It looks like you can pay whatever you want as prices are all over the place. Sometimes there's a reason (quality), Sometimes it just boils down to greed.
Biltong appears to use a lot of Corriander, Fast. So, I'm thinking a pound at first should get me by for a few batches.
Any Brand I should avoid or recommended ?


----------



## BGKYSmoker (Jun 20, 2022)

You can use a pre mix from Crown National or Freddy Hirsch.
Or make your own.


----------



## mosparky (Jun 20, 2022)

I greatly prefer mixing my own spices. TOO many times I've fallen victim to recipe changes, batch differences. discontinued product ect.


----------



## indaswamp (Jun 20, 2022)

Mosparky, I get chef's choice at the restaurant depot.
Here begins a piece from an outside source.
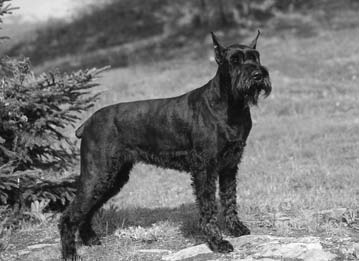 History/Evolution: Developed in Germany, the Giant Schnauzer is joined in the Schnauzer breed by the Miniature and Standard Schnauzers. Through crossings with smooth-coated cattle dogs, sheepdogs, Great Danes, and probably others, the breed developed into a capable cattle and driving dog who could withstand varying weather conditions; butchers and breweries also used them as guard dogs. The intelligent dogs later excelled as trained police dogs during World War I.

Consistent quality and a great price. I buy whole seeds and crush my own...mainly for pastrami. Got 4-5# on hand currently.


----------



## crazymoon (Jun 20, 2022)

MOS, I have a container of Badia coriander seeds and am happy with them.


----------



## BGKYSmoker (Jun 20, 2022)

Or if you have an ethnic market like Indian around, i got 3lbs of whole coriander for $5


----------



## mosparky (Jun 20, 2022)

I got impatient and wanted to get my ordering done before The clock ran out on the Inkbird sale. I ordered a pound of Eat Well Coriander and a pound of their Sumac.


----------